O artigo do Prof. Fernando Machado da Silva Lima — “A reprovação do Exame de Ordem”, elaborado em 07.2005, constante do site Jus Navegandi — menciona a sugestão dada por ilustre jurista, brilhante professora titular de prestigiosa Faculdade de Direito, no sentido de que o candidato ao Exame de Ordem só deveria ter o direito de prestar cinco exames. Depois disso não poderia mais tentar ser advogado. Teria que “repensar” seu futuro, sua profissão. Em suma, comprovada sua inata “incapacidade” intelectual, teria que jogar na lata do lixo seu diploma, o dinheiro gasto nos cinco anos de estudo, o tempo perdido e sua “absurda” esperança de ocupar um lugar ao sol no mundo jurídico.

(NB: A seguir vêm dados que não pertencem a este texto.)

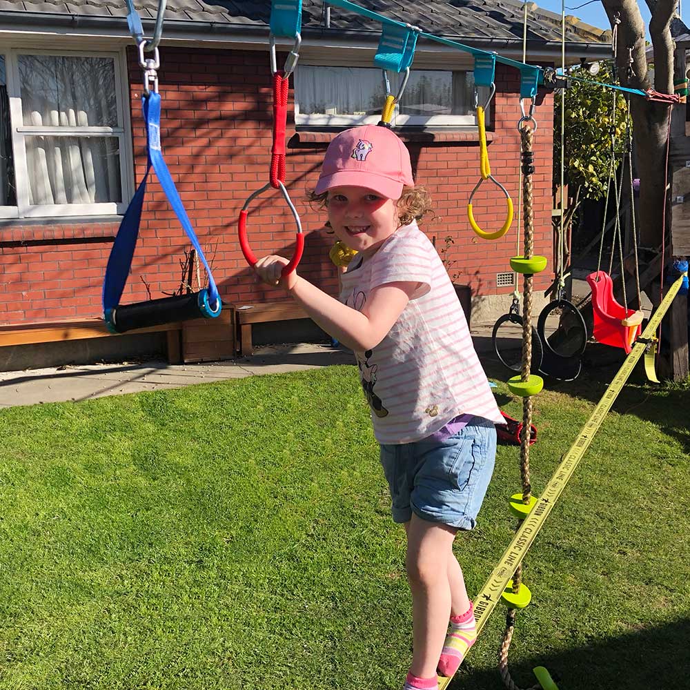 Our Ninja Line Slackline Kit is a great way to get kids into Slack Lining! The addition of monkey fists, rings and ropes gives them something to hold onto while they increase their balancing skills.

Essa proposta felizmente não foi aceita pelo comando federal da OAB. É por demais elitista e arrogante. Divide, praticamente, os candidatos entre “superiores” e “inferiores”. Equivaleria a marcar com ferro em brasa uma suposta “inferioridade” mental de candidatos que simplesmente insistiram em exercer uma profissão, passaram nos exames de suas Faculdades e talvez não tivessem tempo nem recurso suficiente para ficar em casa só estudando para o tal Exame. Além do mais, esses exames não são gratuitos. Proporcionam arrecadação também para a OAB. Inúmeros fatores podem explicar essa reprovação em cinco Exames de Ordem: pouco tempo disponível para estudo; falta de dinheiro para freqüentar bons cursinhos; problemas familiares ou de saúde (v.g. distúrbio de aprendizagem — contornável com técnica específica de estudo —, anemia, disfunções endócrinas, problemas visuais, diabetes ignorado pelo paciente, verminose, etc.).

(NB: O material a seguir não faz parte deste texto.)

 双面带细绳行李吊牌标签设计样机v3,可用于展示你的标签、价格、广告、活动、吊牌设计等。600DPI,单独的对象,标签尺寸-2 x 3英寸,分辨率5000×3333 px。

Tais candidatos, reprovados em massa, “não sabem redigir”? Que sejam, então, ensinados! Mesmo tardiamente! Essa a verdadeira missão, nobre e otimista, da Pedagogia. Principalmente, que aprendam, os jovens, a ler e estudar do modo certo, adequado a cada aluno. O problema de alguns reprovados pode estar na técnica errada de ler, ou estudar— se, de fato, a reprovação em massa está na inépcia dos candidatos e não na preocupação da classe com o excesso de concorrentes. Certa vez, em discurso, Ruy Barbosa frisou que “sabia estudar”, sem entrar em detalhes. Não basta ser inteligente e alfabetizado, é preciso que a técnica de ler seja compatível com o assunto pesquisado, a conjugação de vista e cérebro de cada leitor. Conheci um cidadão que abandonou o curso primário após ser reprovado seis vezes no segundo ano. Para ele o ato de ler era um “suplício”, embora esperto com números e tudo o mais. No entanto, embora “caso perdido”, era um ótimo construtor de casas. Detalhista, calculava muita coisa de cabeça e suas construções são perfeitamente confiáveis. Se um psicólogo “resolvesse” sua impaciência mental e lhe fornecesse as ferramentas certas, adequadas à “mecânica” particular de seu cérebro, sua vivacidade mental poderia ter sido ainda mais útil do que é.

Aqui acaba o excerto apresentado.